_EXTRACTED INFORMATION_:
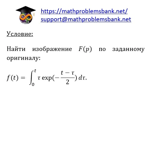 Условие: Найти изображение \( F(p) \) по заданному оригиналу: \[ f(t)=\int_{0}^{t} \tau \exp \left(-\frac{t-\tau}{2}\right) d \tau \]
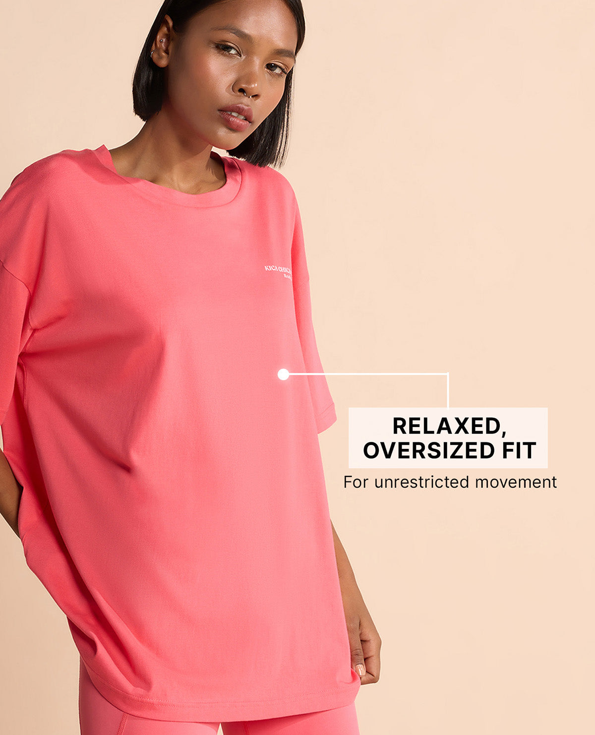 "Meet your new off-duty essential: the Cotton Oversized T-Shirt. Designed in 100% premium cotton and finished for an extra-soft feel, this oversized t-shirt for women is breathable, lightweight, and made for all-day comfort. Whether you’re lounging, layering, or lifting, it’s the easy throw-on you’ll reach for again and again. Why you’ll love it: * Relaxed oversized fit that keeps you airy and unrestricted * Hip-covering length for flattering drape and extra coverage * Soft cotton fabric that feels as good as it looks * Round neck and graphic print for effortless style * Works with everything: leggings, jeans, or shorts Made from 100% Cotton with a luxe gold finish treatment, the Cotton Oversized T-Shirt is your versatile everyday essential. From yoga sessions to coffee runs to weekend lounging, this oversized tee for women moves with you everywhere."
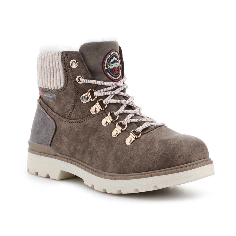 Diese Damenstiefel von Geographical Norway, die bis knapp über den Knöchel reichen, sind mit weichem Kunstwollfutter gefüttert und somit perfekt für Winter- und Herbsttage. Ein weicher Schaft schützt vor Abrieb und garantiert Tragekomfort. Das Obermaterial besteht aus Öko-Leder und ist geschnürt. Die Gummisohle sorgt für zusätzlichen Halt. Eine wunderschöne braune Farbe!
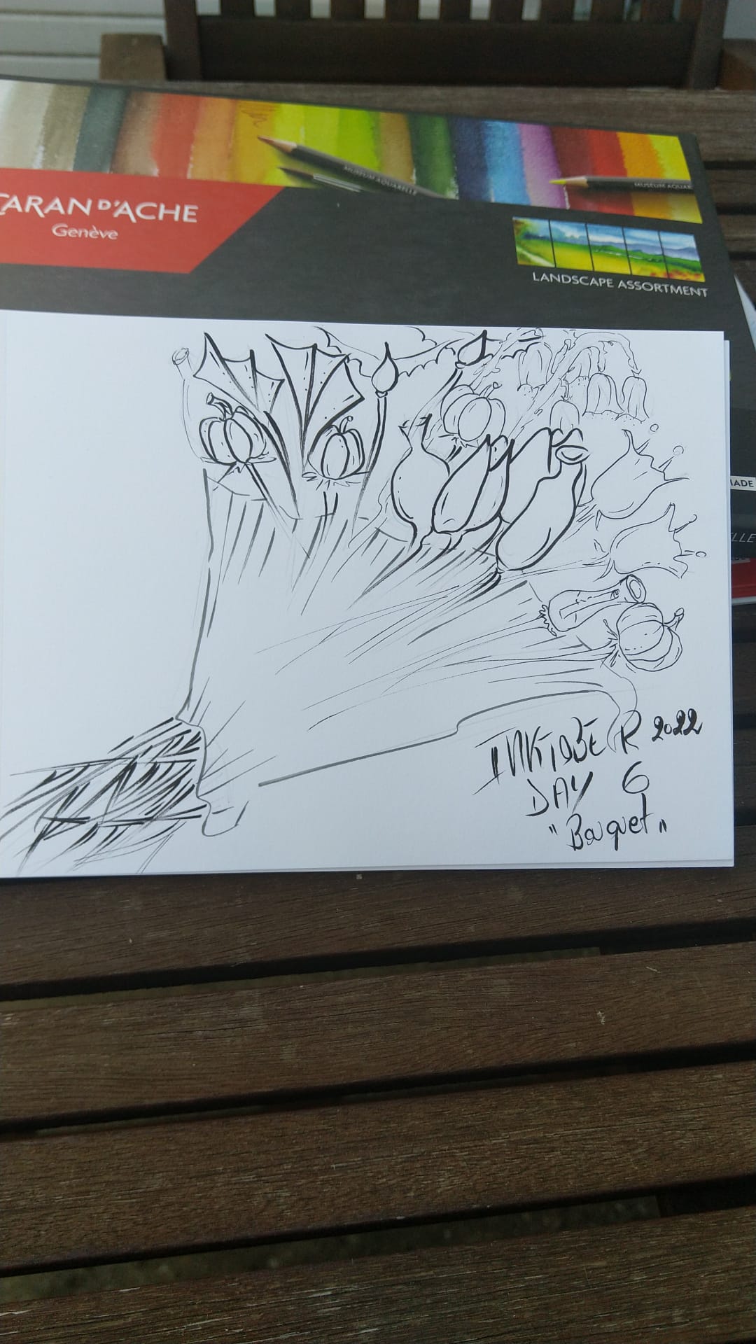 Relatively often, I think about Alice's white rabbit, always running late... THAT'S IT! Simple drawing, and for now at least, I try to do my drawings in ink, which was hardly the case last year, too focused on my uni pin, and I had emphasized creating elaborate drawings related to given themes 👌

* * *

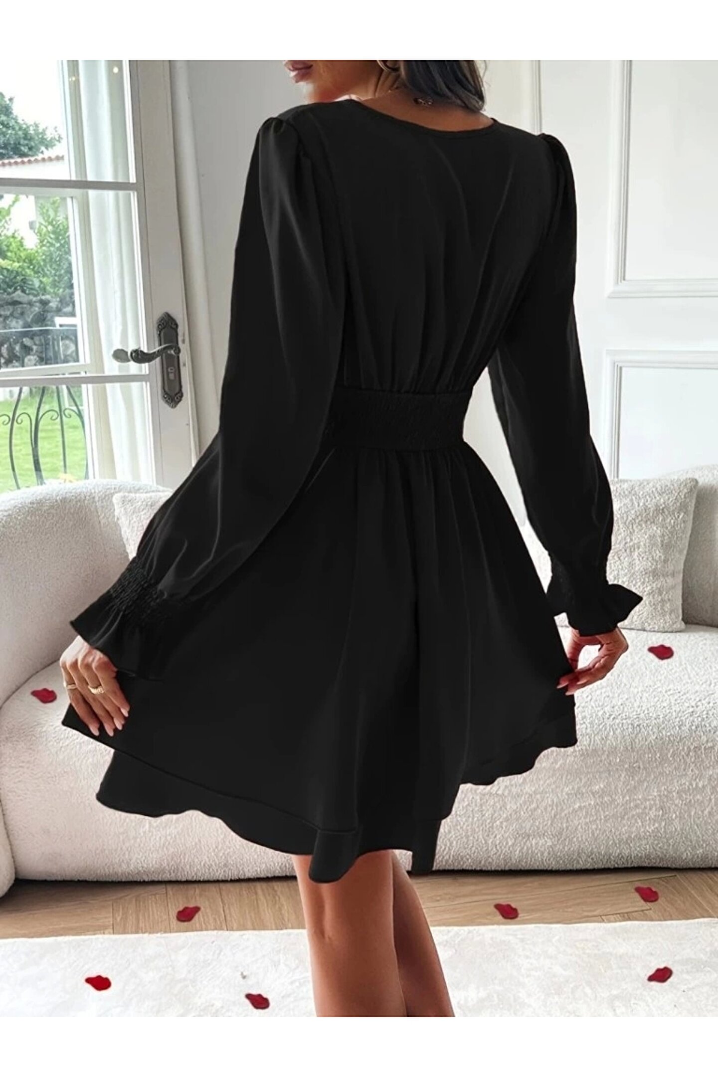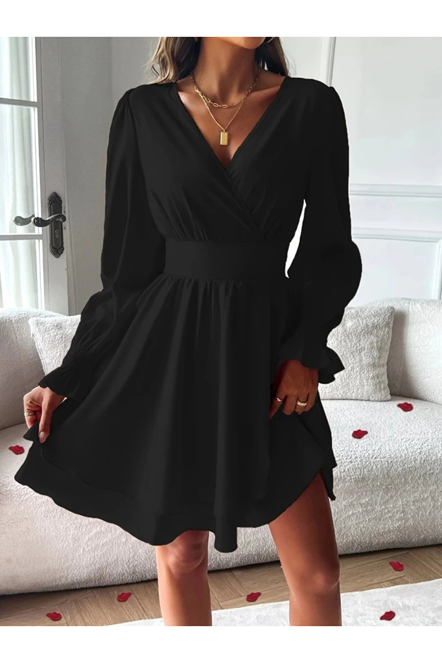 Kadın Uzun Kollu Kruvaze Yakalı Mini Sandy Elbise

_EXERCISE DETAILS_: Output should consist of the lines above from the one with "Diese Damenstiefel von" down to the one with "Relatively often, I", exact and without pictures.

_REPLY_:
 Diese Damenstiefel von Geographical Norway, die bis knapp über den Knöchel reichen, sind mit weichem Kunstwollfutter gefüttert und somit perfekt für Winter- und Herbsttage. Ein weicher Schaft schützt vor Abrieb und garantiert Tragekomfort. Das Obermaterial besteht aus Öko-Leder und ist geschnürt. Die Gummisohle sorgt für zusätzlichen Halt. Eine wunderschöne braune Farbe!
 Relatively often, I think about Alice's white rabbit, always running late... THAT'S IT! Simple drawing, and for now at least, I try to do my drawings in ink, which was hardly the case last year, too focused on my uni pin, and I had emphasized creating elaborate drawings related to given themes 👌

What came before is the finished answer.